21:56 on a puzzle that was enjoyable but more frustrum than lustrum. Meaning I got stuck at the LUSTRUM (VHO) / BOSS-EYED (NHO) crossing. Also failed to understand KIPPER; I suppose “out of it” can mean asleep. I suppose. DRUM also took a long time because I couldn’t parse it, but I loved it when I finally saw it. OSCAR was indeed very good. And why did I (and a few others I see) take so long on JACK???
Given the weather here (cold, wet, and unexpectedly snowy) the unches spelling BAJA are terribly seductive today. Didn’t see the fish.
(Late posting because the Too Many Requests gremlin locked me out again.)
Thanks to Asp and Curarist.
I saw it was Asp, did a few and gave up. Not helped by seeing I needed a word for “five year period”. DNF by a long way.
Great puzzle. Lots of pencil work t hat worked out eventually.
Really enjoyed the challenge of this one.

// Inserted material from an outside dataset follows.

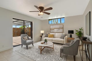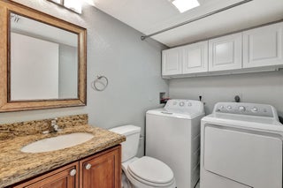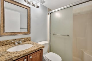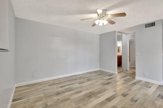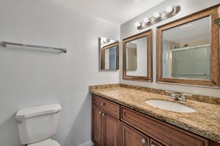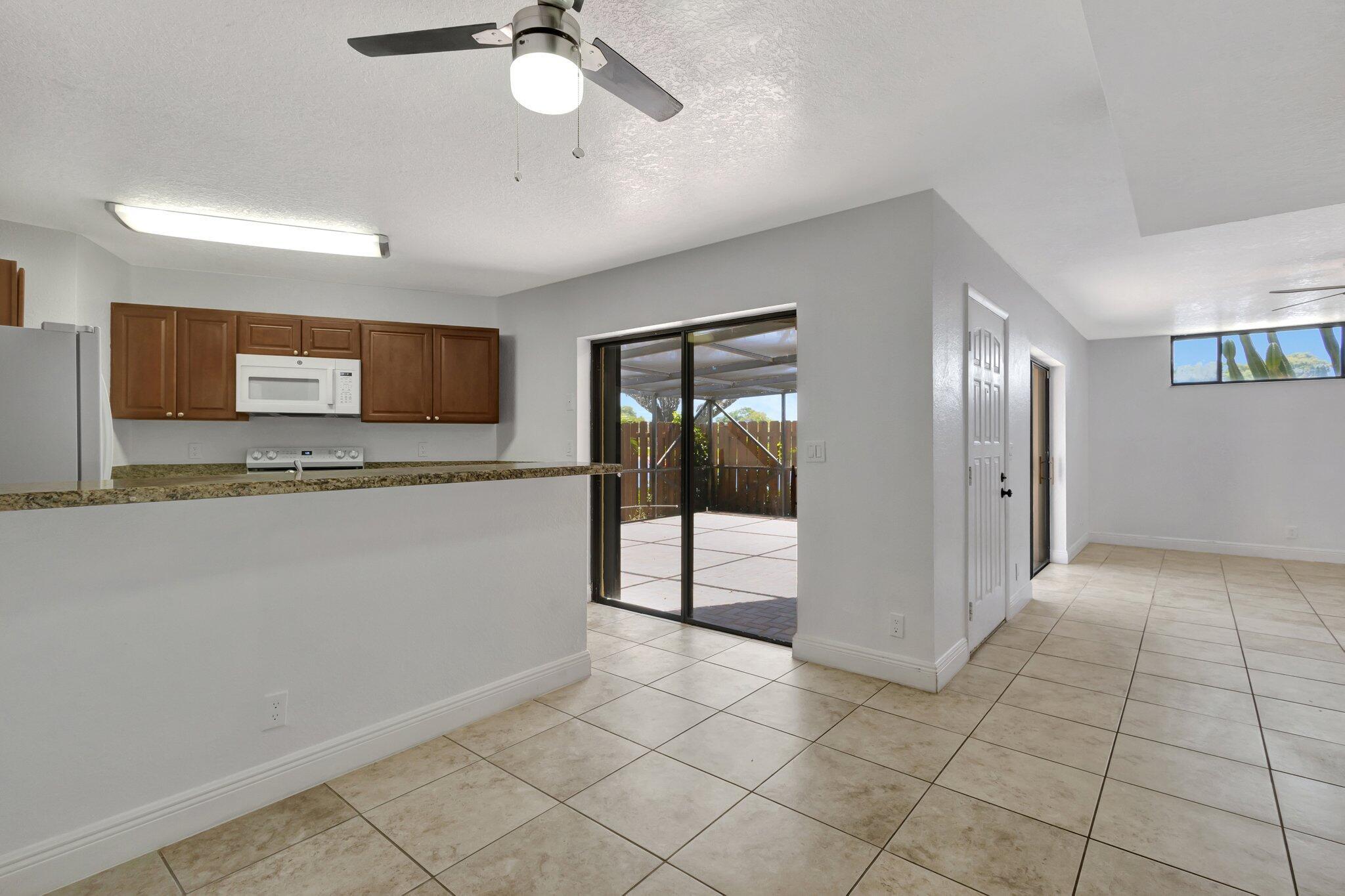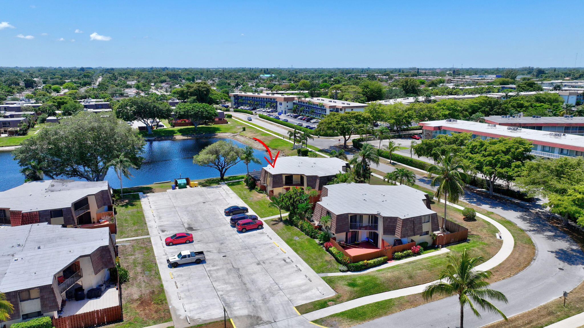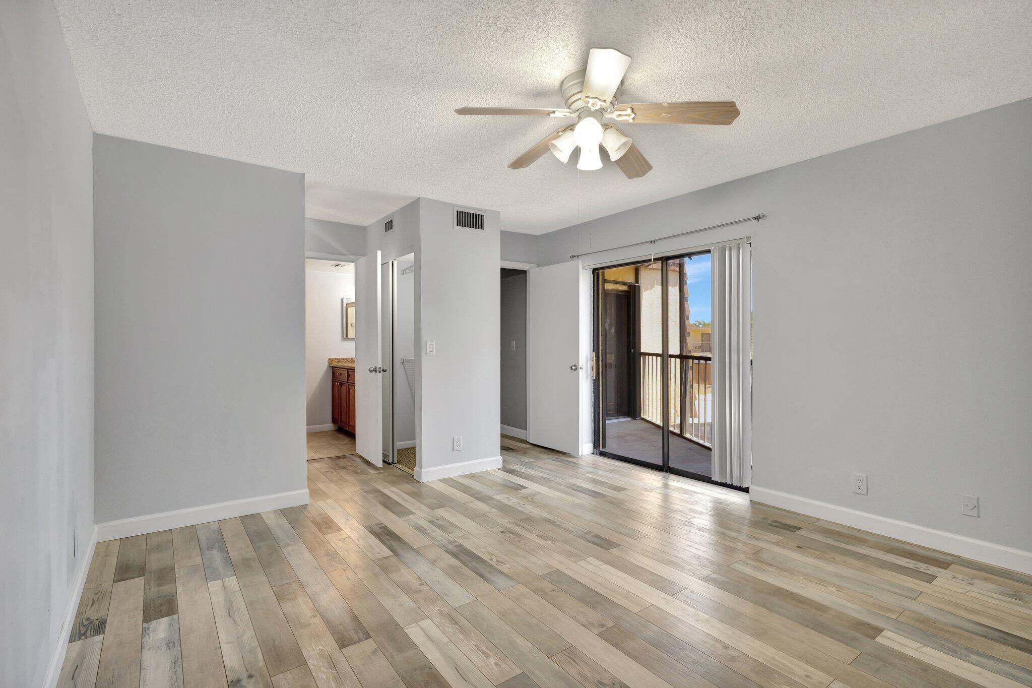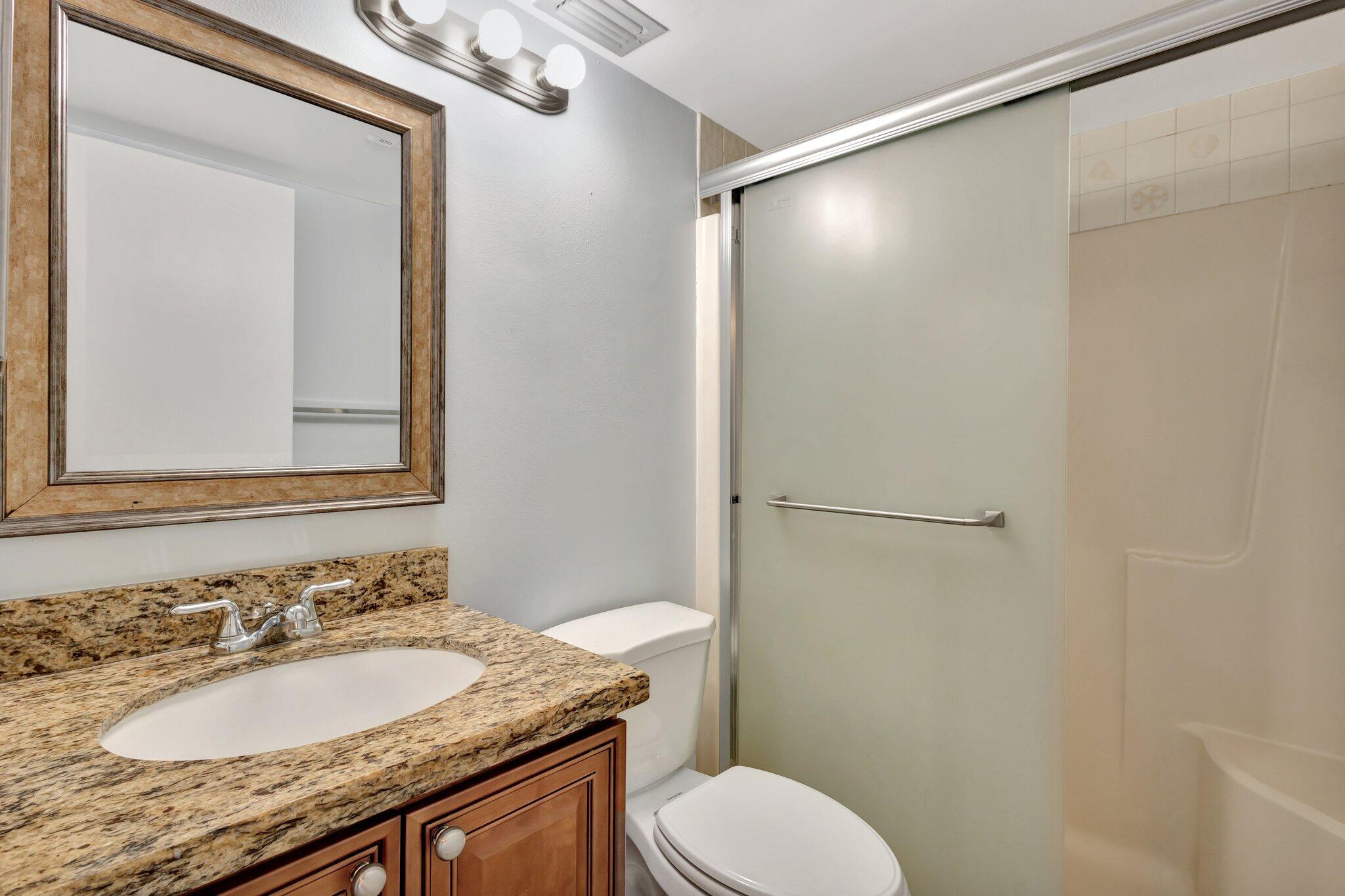 Move-in ready townhouse with 2 master suites upstairs, each with private balconies and beautiful lake views. Downstairs offers an open floor plan with large tile flooring, newly painted walls, and new carpet on the stairs. Modern wood-look laminate flooring upstairs. Kitchen features wood cabinets, granite countertops, breakfast bar, and newer appliances. New dishwasher and refrigerator. Half bath w/washer/dryer. Sliders off the kitchen and living room lead to a fully fenced, screened private courtyard w/ brick patio is perfect for outdoor dining and entertaining. Accordion shutters, 2 assigned parking spaces, and pet-friendly (1 dog or 1 cat). Community includes a new gym, pool, tennis, pickleball, and clubhouse. Great location! New roof in 2022! Move in ready and waiting for new owners.

I only give myself full marks if I manage to parse them all, but I was never getting near ‘besotted’! Closest I could get was to ‘be sotted’ is to lay around like this (i.e. be muddled), which you would arguably be if you were very much in love! Tenuous, I know….
Didn’t parse a few- drum, besotted and the very elegant oscar, so adding my thanks for the blog. Otherwise a satisfactory solve
FOI Abstain
LOI Jack
COD Oscar (now its been explained to me)
thanks Asp and Curarist
Enjoyed this but am still new enough to the discipline that I have no idea which setters I am in tune with, so to speak. NHO of LUSTRUM (but worked it out) or SMELT as a fish, so one error (biffed SCENT in desperation despite knowing it didn’t parse – my LOI).
COD HUMDRUM. Very neat!
Many thanks to Asp and Curarist
PS Me to husband: “did you know that there is a little fish called a smelt?”
Eight year old daughter: “Isn’t that the mechanism for making bronze?”
views on when a child should be introduced to the Quick Cryptic welcome!